### SOURCE INFORMATION
*** Block opens ***
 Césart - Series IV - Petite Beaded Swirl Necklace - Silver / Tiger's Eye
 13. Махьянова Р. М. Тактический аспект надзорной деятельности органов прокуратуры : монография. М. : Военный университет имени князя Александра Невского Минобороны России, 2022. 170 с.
*** Block closes ***
*** Block opens ***
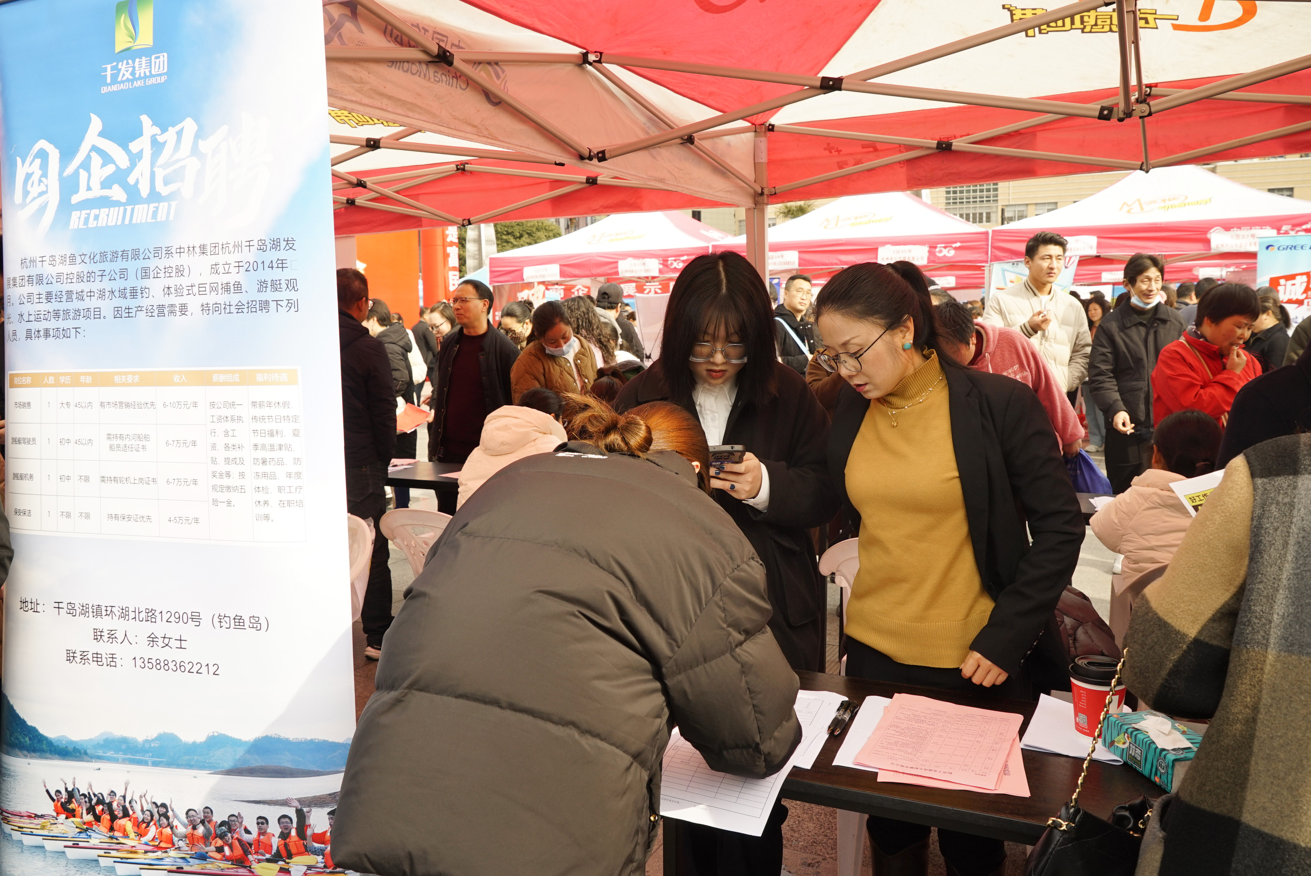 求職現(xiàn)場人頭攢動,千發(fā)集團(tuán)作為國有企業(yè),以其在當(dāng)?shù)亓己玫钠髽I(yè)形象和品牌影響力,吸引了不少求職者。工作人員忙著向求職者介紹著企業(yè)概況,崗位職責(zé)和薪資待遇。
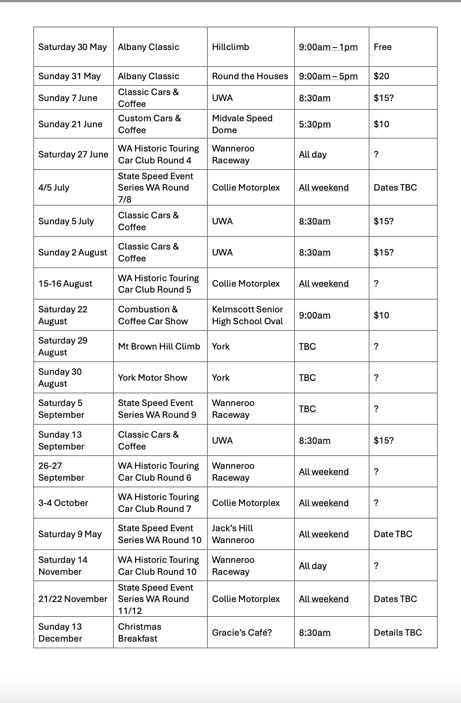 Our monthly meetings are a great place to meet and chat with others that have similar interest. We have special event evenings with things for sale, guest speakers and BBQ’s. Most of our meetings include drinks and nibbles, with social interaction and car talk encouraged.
*** Block closes ***
*** Block opens ***
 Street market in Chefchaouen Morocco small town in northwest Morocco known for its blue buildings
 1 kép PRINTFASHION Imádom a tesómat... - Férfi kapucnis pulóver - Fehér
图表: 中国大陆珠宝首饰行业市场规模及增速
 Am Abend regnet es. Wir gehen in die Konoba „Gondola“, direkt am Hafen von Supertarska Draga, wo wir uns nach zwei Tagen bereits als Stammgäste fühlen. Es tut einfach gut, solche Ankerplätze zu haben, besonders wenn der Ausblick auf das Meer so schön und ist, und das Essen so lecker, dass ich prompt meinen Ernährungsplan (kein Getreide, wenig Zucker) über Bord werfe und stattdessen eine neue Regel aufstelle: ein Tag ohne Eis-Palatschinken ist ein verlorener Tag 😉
*** Block closes ***
### INSTRUCTIONS TO FOLLOW
Where the line holding "Street market in" appears in the listing above, start reproducing exactly, and end with the line holding "Am Abend regnet".

### RESULT OF THIS TASK
 Street market in Chefchaouen Morocco small town in northwest Morocco known for its blue buildings
 1 kép PRINTFASHION Imádom a tesómat... - Férfi kapucnis pulóver - Fehér
图表: 中国大陆珠宝首饰行业市场规模及增速
 Am Abend regnet es. Wir gehen in die Konoba „Gondola“, direkt am Hafen von Supertarska Draga, wo wir uns nach zwei Tagen bereits als Stammgäste fühlen. Es tut einfach gut, solche Ankerplätze zu haben, besonders wenn der Ausblick auf das Meer so schön und ist, und das Essen so lecker, dass ich prompt meinen Ernährungsplan (kein Getreide, wenig Zucker) über Bord werfe und stattdessen eine neue Regel aufstelle: ein Tag ohne Eis-Palatschinken ist ein verlorener Tag 😉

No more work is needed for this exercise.